Task inputs —
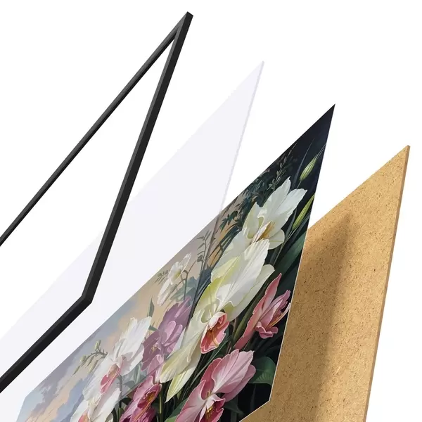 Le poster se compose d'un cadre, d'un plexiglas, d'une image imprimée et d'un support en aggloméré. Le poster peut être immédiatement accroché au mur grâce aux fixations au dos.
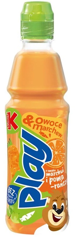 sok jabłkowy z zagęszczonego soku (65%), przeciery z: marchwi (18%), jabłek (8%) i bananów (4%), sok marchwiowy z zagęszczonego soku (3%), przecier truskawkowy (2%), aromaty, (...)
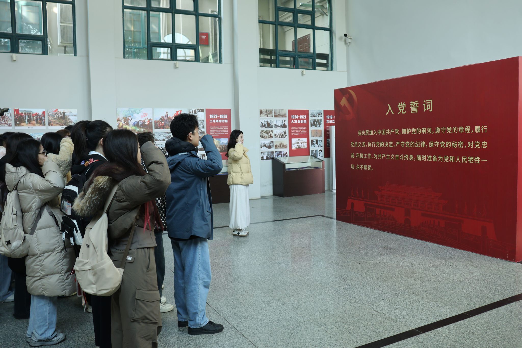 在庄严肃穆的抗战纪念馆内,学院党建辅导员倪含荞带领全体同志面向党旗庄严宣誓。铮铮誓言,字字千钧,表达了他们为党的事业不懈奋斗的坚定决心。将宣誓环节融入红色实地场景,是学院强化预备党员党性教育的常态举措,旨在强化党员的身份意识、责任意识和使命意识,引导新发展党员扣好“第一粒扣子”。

* * *

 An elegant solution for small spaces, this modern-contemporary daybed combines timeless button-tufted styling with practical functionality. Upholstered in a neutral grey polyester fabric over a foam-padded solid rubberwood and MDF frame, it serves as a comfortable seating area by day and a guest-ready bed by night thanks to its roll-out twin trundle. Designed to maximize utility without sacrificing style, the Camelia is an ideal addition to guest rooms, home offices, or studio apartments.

Exercise details — Word for word, retype the lines in the entries above that run from the one with "Le poster se" through the one with "在庄严肃穆的抗战纪念馆内,学". Both ends count; pictures do not.

Answer area —
 Le poster se compose d'un cadre, d'un plexiglas, d'une image imprimée et d'un support en aggloméré. Le poster peut être immédiatement accroché au mur grâce aux fixations au dos.
 sok jabłkowy z zagęszczonego soku (65%), przeciery z: marchwi (18%), jabłek (8%) i bananów (4%), sok marchwiowy z zagęszczonego soku (3%), przecier truskawkowy (2%), aromaty, (...)
 在庄严肃穆的抗战纪念馆内,学院党建辅导员倪含荞带领全体同志面向党旗庄严宣誓。铮铮誓言,字字千钧,表达了他们为党的事业不懈奋斗的坚定决心。将宣誓环节融入红色实地场景,是学院强化预备党员党性教育的常态举措,旨在强化党员的身份意识、责任意识和使命意识,引导新发展党员扣好“第一粒扣子”。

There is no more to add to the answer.